Problem description
Go through the listing below, and from the line containing "Prodajem naljepnice maslacka" through its last line, transcribe every line exactly, skipping pictures.

* * * * * * * * *

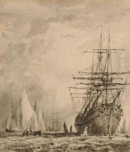 A Trading Brig And Other Shipping In The Channel Off Dover
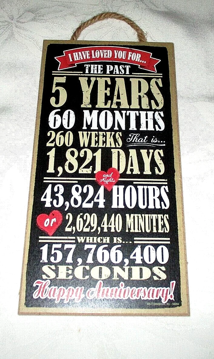 HAPPY ANNIVERSARY I HAVE LOVED YOU 5 YEARS 60 MONTHS etc Wood
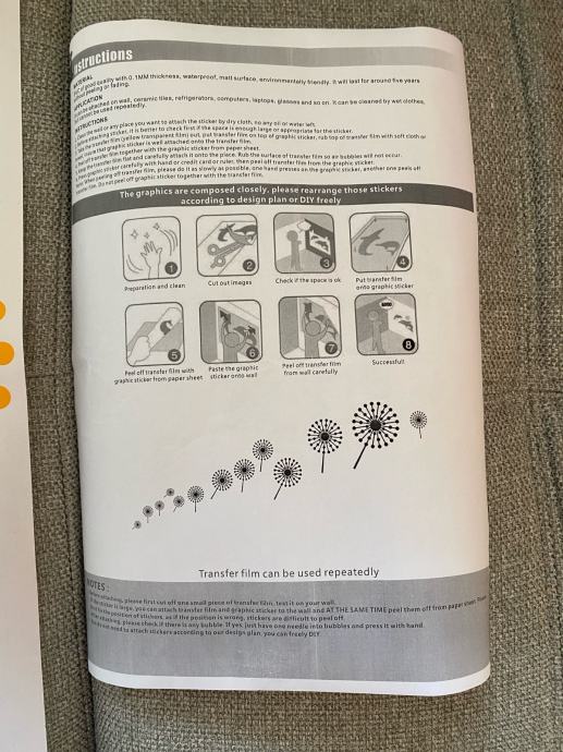 Prodajem naljepnice maslacka za zid ili keramicke plocice ili bilo koju drugu ravnu povrsinu zajedno sa folijom za prenosenje i uputstvima za nanosenje.
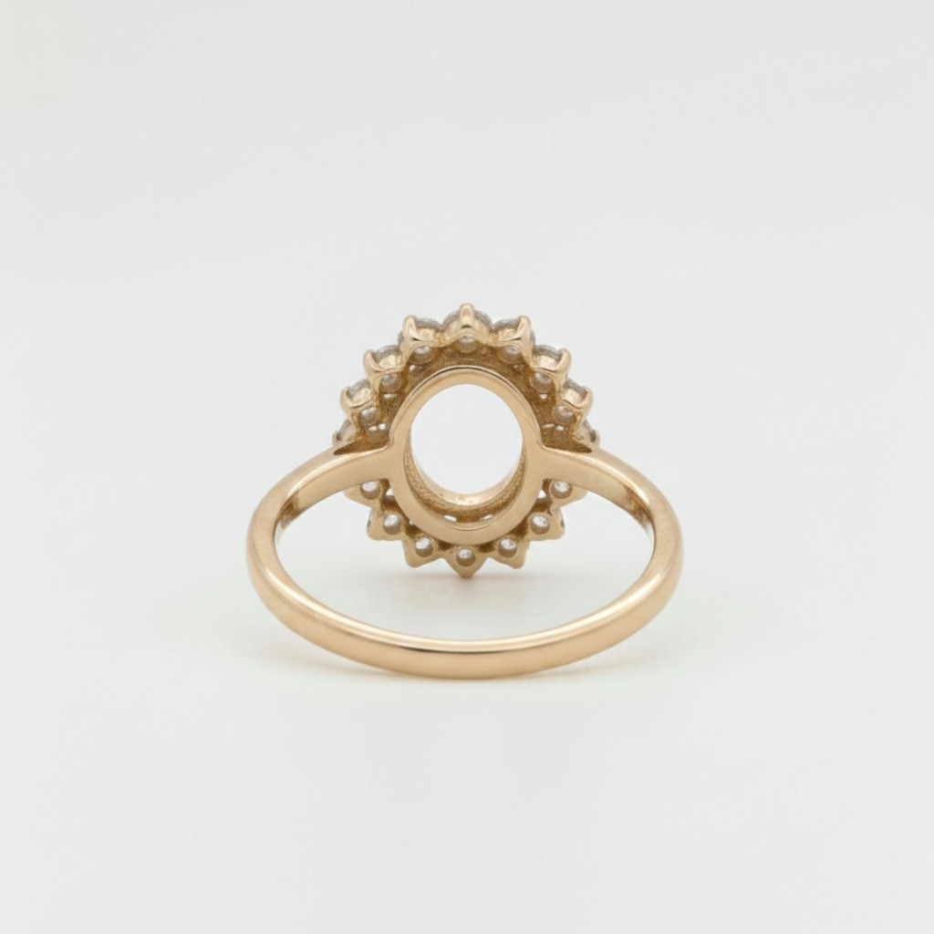 как выглядит Sterling Silver On Gold Plated 8x10mm Oval Semi Mount Ring-CZ Accent Halo Ring фото
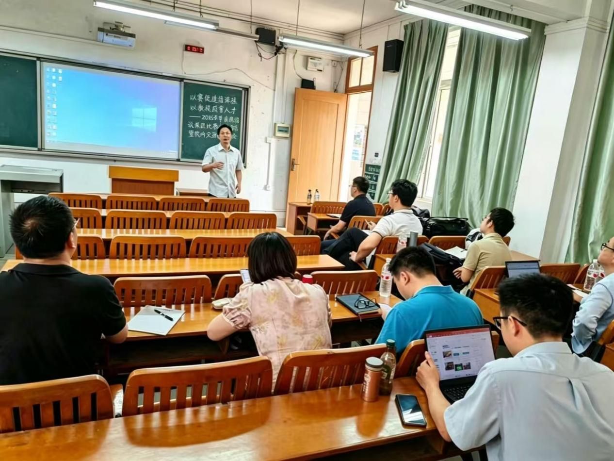 本次初赛严格对标校级比赛规范,坚持以学生发展为中心,围绕课程定位、教学设计、实施评价与持续改进等核心环节,突出OBE理念、AI技术辅助教学、实践育人与课程思政深度融合,全面检验教师课程建设能力。覃云、李鹏、许杰、张利国四位教师依次登台,系统汇报课程建设思路、实践路径与育人成效,充分展现学院青年教师深耕教学、锐意创新的优良教风。
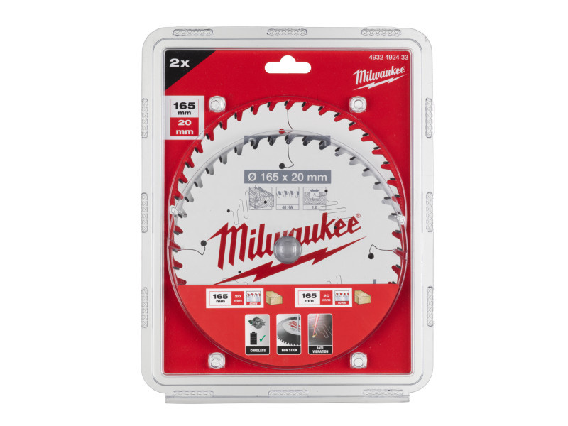 MILWAUKEE Sägeblatt für Holz 165 x 20 x 1,6 mm /40T ATB (2 Stück)
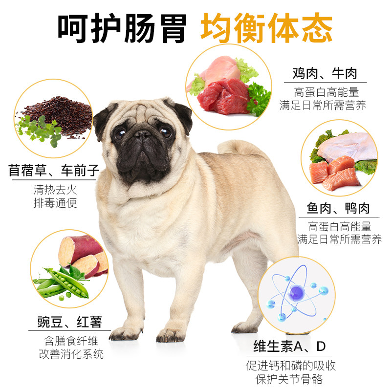 Dad Wang's special pug dog food full price general nutrition puppy adult dog small and medium-sized dog formula 2 5kg
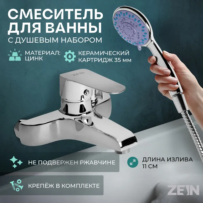 Смеситель для ванны ZEIN Z3854, однорычажный, душевой набор, лейка 5 режимов, хром
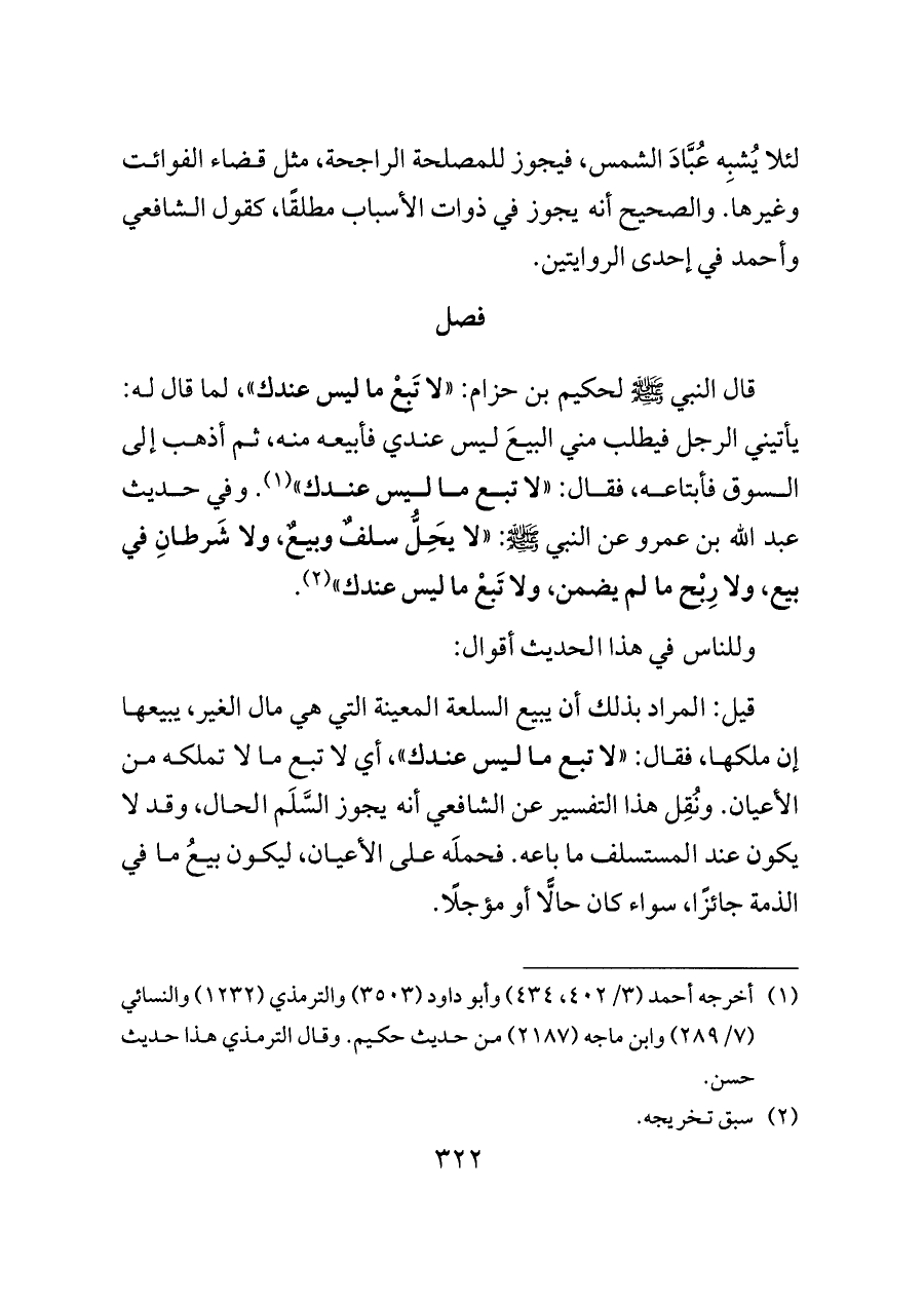 (¬١) أخرجه أحمد (٣/ ٤٠٢، ٤٣٤) وأبو داود (٣٥٠٣) والترمذي (١٢٣٢) والنسائي (٧/ ٢٨٩) وابن ماجه (٢١٨٧) من حديث حكيم. وقال الترمذي هذا حديث حسن.

* * * * * * * * *

Response to the exercise
 Prodajem naljepnice maslacka za zid ili keramicke plocice ili bilo koju drugu ravnu povrsinu zajedno sa folijom za prenosenje i uputstvima za nanosenje.
 как выглядит Sterling Silver On Gold Plated 8x10mm Oval Semi Mount Ring-CZ Accent Halo Ring фото
 本次初赛严格对标校级比赛规范,坚持以学生发展为中心,围绕课程定位、教学设计、实施评价与持续改进等核心环节,突出OBE理念、AI技术辅助教学、实践育人与课程思政深度融合,全面检验教师课程建设能力。覃云、李鹏、许杰、张利国四位教师依次登台,系统汇报课程建设思路、实践路径与育人成效,充分展现学院青年教师深耕教学、锐意创新的优良教风。
 MILWAUKEE Sägeblatt für Holz 165 x 20 x 1,6 mm /40T ATB (2 Stück)
 Dad Wang's special pug dog food full price general nutrition puppy adult dog small and medium-sized dog formula 2 5kg
 Смеситель для ванны ZEIN Z3854, однорычажный, душевой набор, лейка 5 режимов, хром
 (¬١) أخرجه أحمد (٣/ ٤٠٢، ٤٣٤) وأبو داود (٣٥٠٣) والترمذي (١٢٣٢) والنسائي (٧/ ٢٨٩) وابن ماجه (٢١٨٧) من حديث حكيم. وقال الترمذي هذا حديث حسن.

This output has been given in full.